Q.膠使用の液体墨と合成糊剤使用液体墨の比較について。

.ご質問にお答えする前に、なぜ合成糊剤使用の液体墨ができたのかをお話しします。ご存じの通り昭和30年頃までは、液体墨と言えば墨汁しかありませんでした。これは膠と煤を練り合わせ、ニガリ(主成分 塩化マグネシウム)を大量に加え、液の比重を上げ、煤の沈殿を押さえると同時に塩漬けにすることにより膠のゲル化を防止し、さらにホルマリンで膠の腐敗を止めたものです。この製品は和紙には向きませんが、吸い込みの少ない洋紙には黒光りして、絵の具の黒では出せない美しさを持ていましたので、非常に乾燥が遅いのですが良く売れていました。反面、吸い込みの強い紙に書きますと皮膜を作る膠液が紙に吸いとられ、煤だけが表面に残り品の無い黒になり、おまけに乾燥が遅く、また、一度乾いても梅雨時分には空気中の水分を吸ってべたつく代物で、勿論表具のできるものではありません。

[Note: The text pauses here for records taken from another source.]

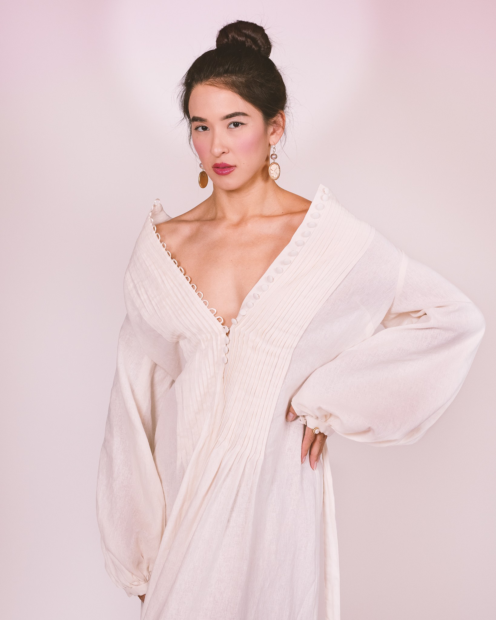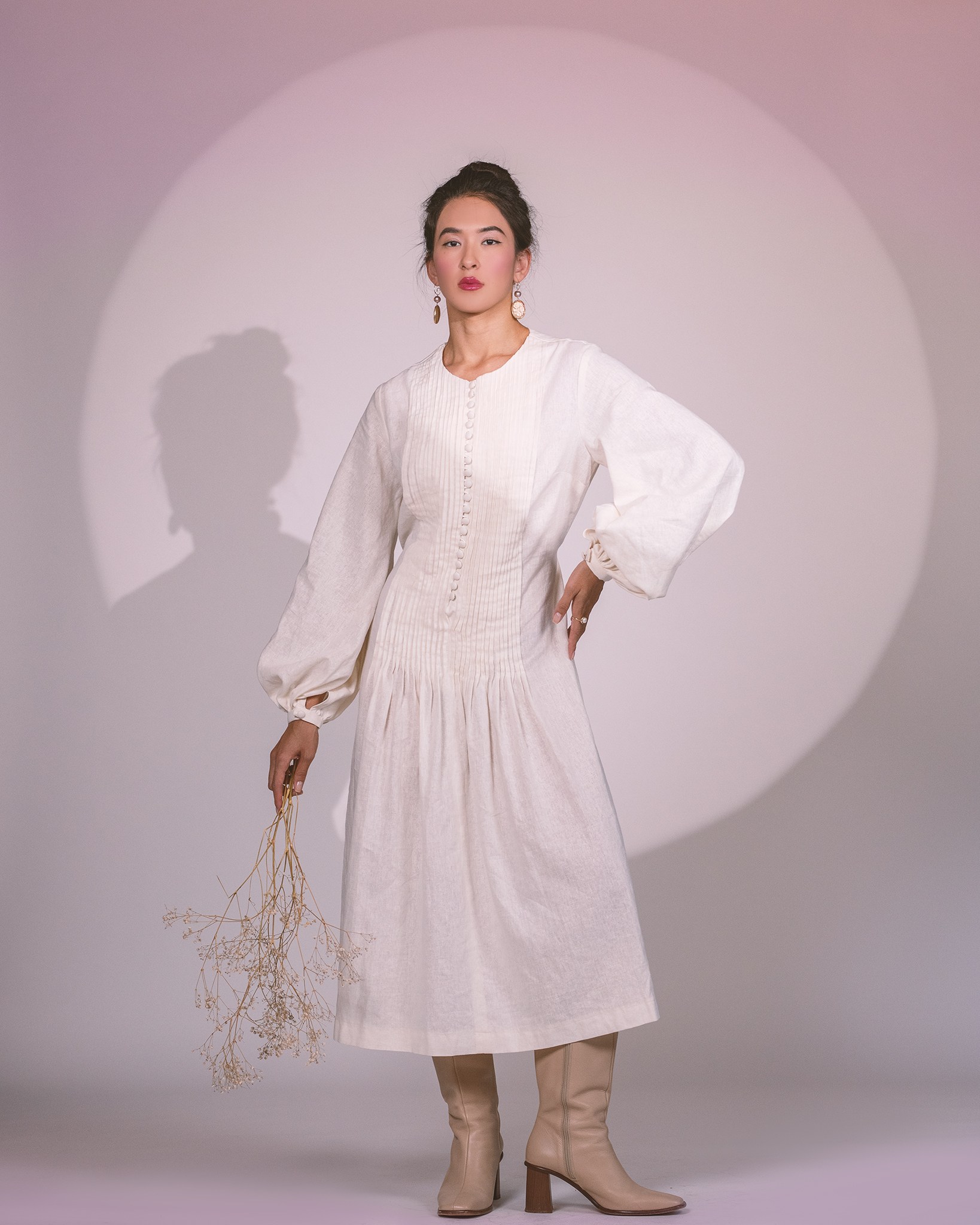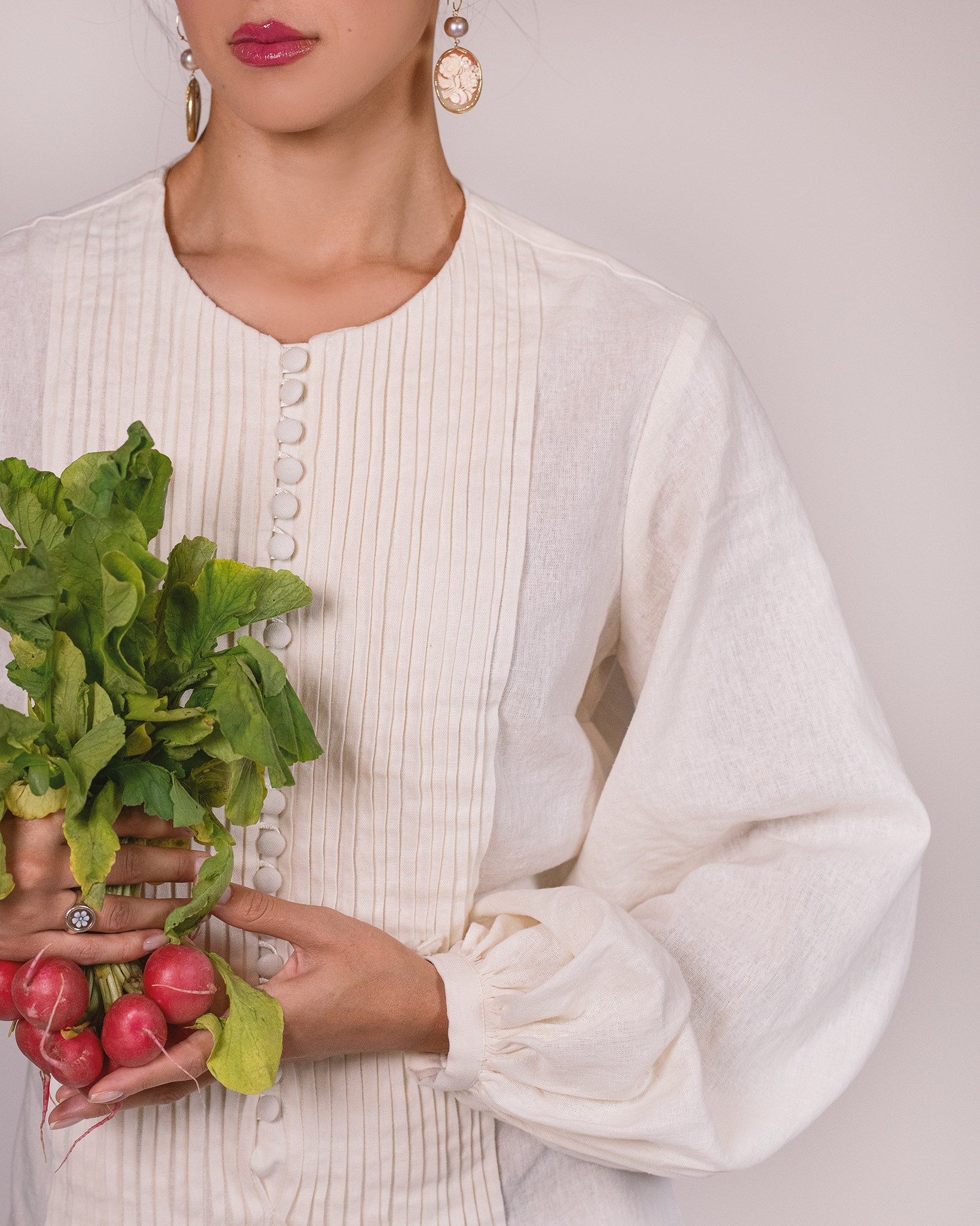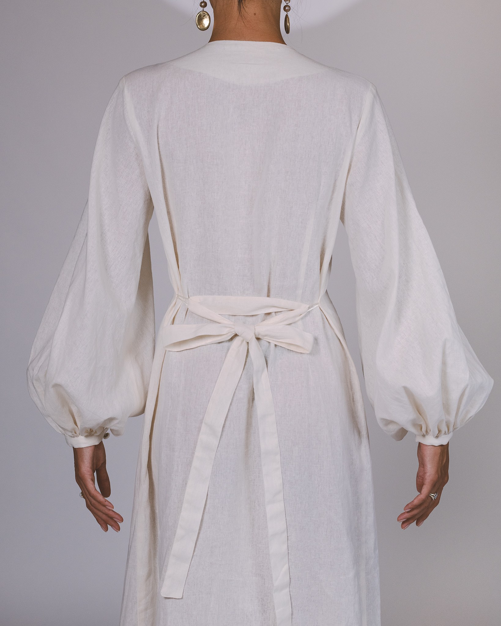 Button-fastening (or Button-up) to the waist, with balloon sleeves.
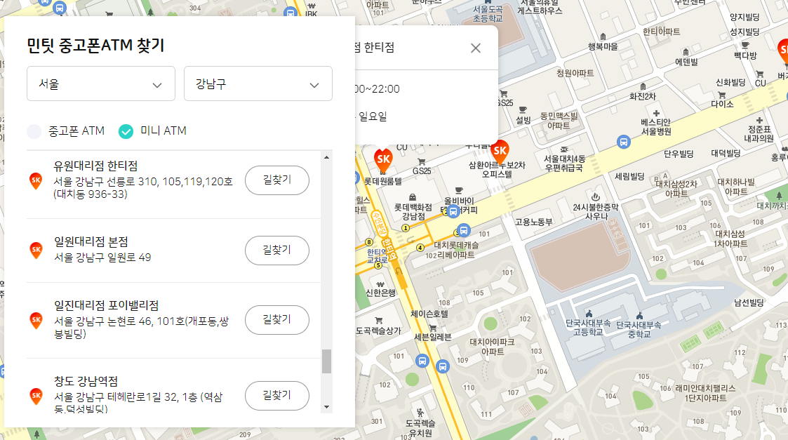 저는 SKT로 개통했기 때문에 미니ATM을 찾아갔습니다.
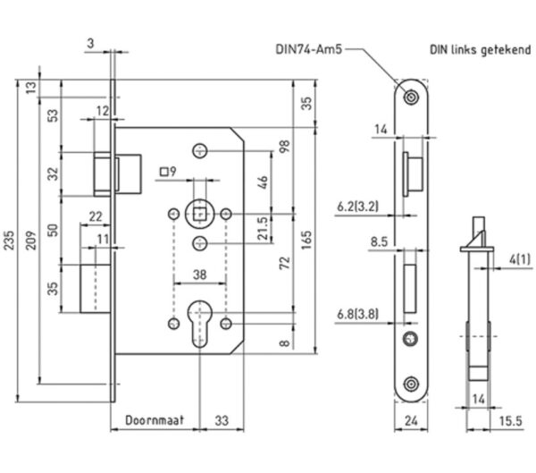 Mauer dag- en nachtslot links PC72, 4206 met verzinkte voorplaat
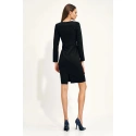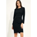 Priliehavé šaty s dlhými rukávmi ukončenými na úrovni kolien, s polguľatým výstrihom a rázporkom na zadnej strane sukne. Zapína sa na zips. Má prednú ozdobu v páse.
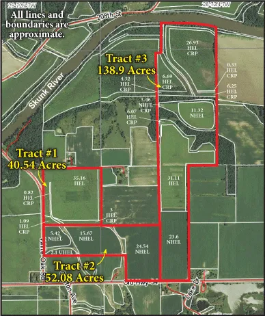 Land is located 1 mile north of Rome, Iowa. Or from Mt. Pleasant, from the intersection of Old Highway 34 & Franklin Avenue/W55, proceed 3 miles west.
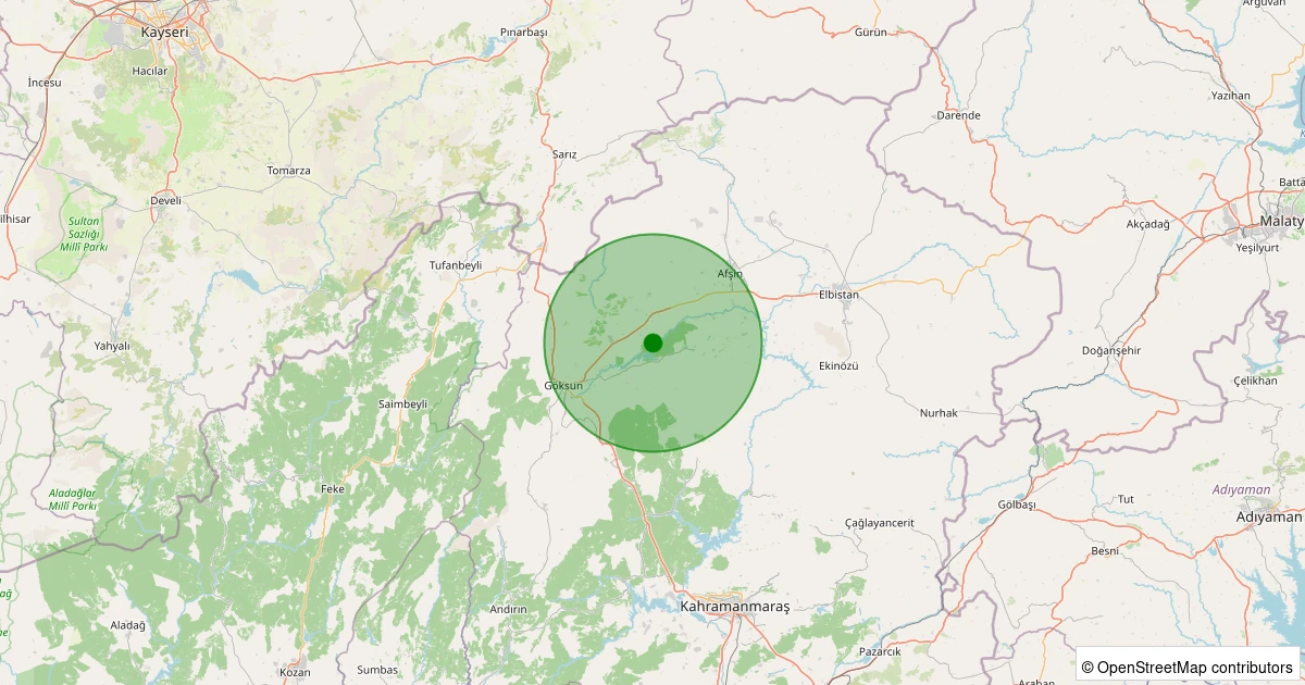 Son 7 gün içinde Göksun - Karaömer noktasından 100 km yarıçap içerisinde meydana gelen diğer depremler:

  戦後10年近く経過し世の中も収まり、書道を志す人も増え始め、学校教育にも書写が取り入れられるようになりました。この時期に先生方から墨汁に代わる乾きの早い、和紙に適した墨色の良い学童用の液体墨を造るようにとのご依頼を沢山戴くようになりました。これからの学校教育には、授業時間の制約上良質な液体墨が必要になる。日本の書写教育のために早急に開発するようにとのことでした。膠は固形墨を造るためには、これほど重要で便利な材料はありません。科学技術の進んだ現在でも膠に代わり得る材料は無いのです。膠の持つ特質に、温度が下がるとゲル化するという性質があります。煮魚の汁が、冬の寒い日にゼリ−状ににこごり、大変おいしいことは皆様もご存じのことと思います。これは魚の膠質が気温の低下でゼリ−化したものです。この性質を利用して冬に固形墨を造ります。膠は蛋白質ですので、細菌の寒天培養と同じく、気温の高い時期に製造しますと空気中の雑菌を拾い猛烈な勢いで繁殖し腐敗します。墨が厳寒期に製造されるのは、腐敗菌の繁殖を抑えゲル化強度を高め、墨の内部から低温乾燥し墨を均一に締め上げていくのが墨造りで、墨がこの世に生まれてから2000年以上になりますが、この原理は変わりません。日本における墨の故郷奈良では、冬の風物詩になっております。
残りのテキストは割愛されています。